Now, HP is a criminal case
California files charges against ex-chairman Dunn, others involved in leak probe; CEO Hurd not named.
NEW YORK (CNNMoney.com) -- Former Hewlett-Packard chairman Patricia Dunn faces felony criminal charges for her role in the company's controversial leak probe, but chief executive Mark Hurd has dodged legal action for now.
California Attorney General Bill Lockyer brought felony charges against Dunn, HP's former chief ethics officer Kevin Hunsaker, and three private investigators Wednesday in Santa Clara County Superior Court.
No criminal evidence has been found against Hurd, who has come under increased pressure for the role he played in the probe, but Lockyer said his investigation remains open.
The investigators named in the complaint were Ronald DeLia, managing director of Security Outsourcing Services, the investigative firm hired by HP; Matthew Depante; and Bryan Wagner.
All of the defendants named in the complaint face four felony charges: conspiracy; fraudulent use of wire communications; wrongful use of computer data; and identity theft.
All four counts carry a maximum prison sentence of three years. Three of the counts carry a maximum fine of $10,000, while a conviction for conspiracy can carry a maximum fine of $25,000.
Lockyer has asked the court to issue arrest warrants for the defendants, but his office will make arrangements for Dunn and Hunsaker to surrender voluntarily, he said.
"One of our state's most venerable corporate institutions lost its way as its board sought to find out who leaked confidential company information to the press," the attorney general said in prepared remarks. "In this misguided effort, people inside and outside HP violated privacy rights and broke state law."
The complaint alleges that Dunn knew that private investigators obtained phone records through false pretenses - also known as pretexting - and that she gave DeLia phone numbers for HP board members in April 2005.
Dunn has consistently denied that she was aware pretexting methods were being used during the investigation. At a House hearing last week, she testified that she never knew that tactics involving the misrepresentation of someone's identity would be used in the investigation and that she was assured by Hunsaker that the methods being used were legal.

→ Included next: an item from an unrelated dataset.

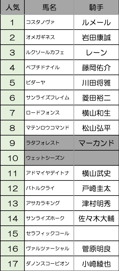 さすがにここはコスタノヴァが1番人気か。それに続いてオメガギネス、ルクソールカフェ、ペプチドナイルが人気になると思います。

Dunn's lawyer called the charges false and said they were "being brought against the wrong person at the wrong time and for the wrong reasons," according to Reuters.
According to the attorney general's complaint, Hunsaker, who led the investigative team that eventually identified the source of the boardroom leaks, knew in January of this year that false pretenses were being used to access the phone records.
Both Hunsaker and DeLia invoked their Fifth Amendment right against self-incrimination last week on Capitol Hill.
Dunn resigned from HP on Sept. 22. Hunsaker left the company last week.
The discovery that HP used pretexting to spy on its directors, journalists and employees has enveloped the venerable Silicon Valley firm since the scandal broke early last month.
The company's surveillance tactics have also sparked an investigation from the Justice Department.
Palo Alto, Calif.-based HP said it is still cooperating with state and federal investigations.
The HP probe goes back to 2005, when then-chairman Dunn initiated an investigation into company leaks after the departure of former chief executive Carly Fiorina in March. The probe came up inconclusive and was restarted again early this year.
Board member George Keyworth eventually was fingered as the source of the leaks. Keyworth resigned from the board last month.
Shares of HP (Charts), which have outperformed rivals Dell (Charts) and IBM (Charts) in the last year, haven't been hurt by the HP boardroom drama. HP's stock has gained about 3 percent in the four weeks since the scandal broke.